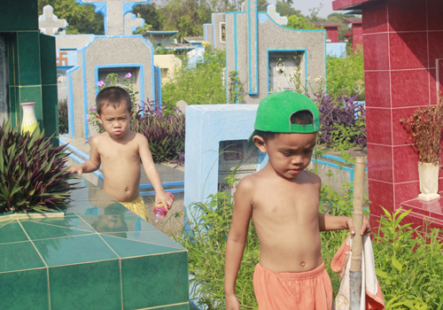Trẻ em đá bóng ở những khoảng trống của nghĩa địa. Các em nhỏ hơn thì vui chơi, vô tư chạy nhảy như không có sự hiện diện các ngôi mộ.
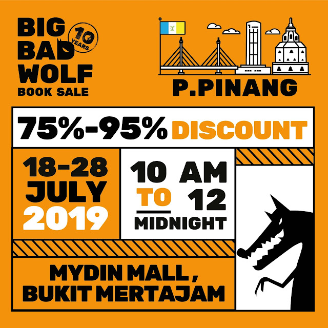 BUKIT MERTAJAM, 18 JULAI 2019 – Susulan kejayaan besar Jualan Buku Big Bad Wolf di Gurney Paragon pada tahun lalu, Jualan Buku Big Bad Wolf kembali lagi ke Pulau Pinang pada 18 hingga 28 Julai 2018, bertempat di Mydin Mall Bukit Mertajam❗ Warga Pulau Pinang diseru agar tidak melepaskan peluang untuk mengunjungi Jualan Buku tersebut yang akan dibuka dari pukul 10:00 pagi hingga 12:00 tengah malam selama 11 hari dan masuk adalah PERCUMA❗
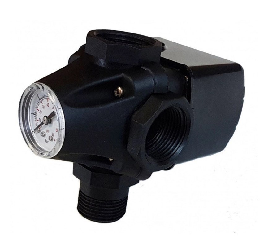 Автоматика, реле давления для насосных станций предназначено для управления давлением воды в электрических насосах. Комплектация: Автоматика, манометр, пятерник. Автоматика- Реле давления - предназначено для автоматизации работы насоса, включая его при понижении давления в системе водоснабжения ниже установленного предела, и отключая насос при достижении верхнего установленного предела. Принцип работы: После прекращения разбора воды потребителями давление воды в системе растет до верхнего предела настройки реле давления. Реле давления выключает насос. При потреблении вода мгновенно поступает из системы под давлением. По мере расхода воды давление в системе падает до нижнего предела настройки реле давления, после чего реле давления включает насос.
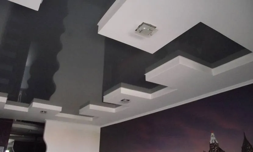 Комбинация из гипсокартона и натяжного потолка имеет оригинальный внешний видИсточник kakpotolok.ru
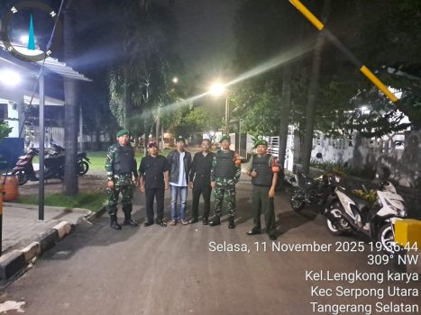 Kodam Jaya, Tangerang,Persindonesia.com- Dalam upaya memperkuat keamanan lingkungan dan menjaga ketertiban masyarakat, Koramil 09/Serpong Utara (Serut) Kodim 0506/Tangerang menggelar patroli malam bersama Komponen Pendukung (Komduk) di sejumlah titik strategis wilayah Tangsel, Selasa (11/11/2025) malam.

Exercise objective: Every line of the records above should be copied exactly, while the pictures are left behind.

Solution for this task:
Trẻ em đá bóng ở những khoảng trống của nghĩa địa. Các em nhỏ hơn thì vui chơi, vô tư chạy nhảy như không có sự hiện diện các ngôi mộ.
 BUKIT MERTAJAM, 18 JULAI 2019 – Susulan kejayaan besar Jualan Buku Big Bad Wolf di Gurney Paragon pada tahun lalu, Jualan Buku Big Bad Wolf kembali lagi ke Pulau Pinang pada 18 hingga 28 Julai 2018, bertempat di Mydin Mall Bukit Mertajam❗ Warga Pulau Pinang diseru agar tidak melepaskan peluang untuk mengunjungi Jualan Buku tersebut yang akan dibuka dari pukul 10:00 pagi hingga 12:00 tengah malam selama 11 hari dan masuk adalah PERCUMA❗
 Автоматика, реле давления для насосных станций предназначено для управления давлением воды в электрических насосах. Комплектация: Автоматика, манометр, пятерник. Автоматика- Реле давления - предназначено для автоматизации работы насоса, включая его при понижении давления в системе водоснабжения ниже установленного предела, и отключая насос при достижении верхнего установленного предела. Принцип работы: После прекращения разбора воды потребителями давление воды в системе растет до верхнего предела настройки реле давления. Реле давления выключает насос. При потреблении вода мгновенно поступает из системы под давлением. По мере расхода воды давление в системе падает до нижнего предела настройки реле давления, после чего реле давления включает насос.
 Комбинация из гипсокартона и натяжного потолка имеет оригинальный внешний видИсточник kakpotolok.ru
 Kodam Jaya, Tangerang,Persindonesia.com- Dalam upaya memperkuat keamanan lingkungan dan menjaga ketertiban masyarakat, Koramil 09/Serpong Utara (Serut) Kodim 0506/Tangerang menggelar patroli malam bersama Komponen Pendukung (Komduk) di sejumlah titik strategis wilayah Tangsel, Selasa (11/11/2025) malam.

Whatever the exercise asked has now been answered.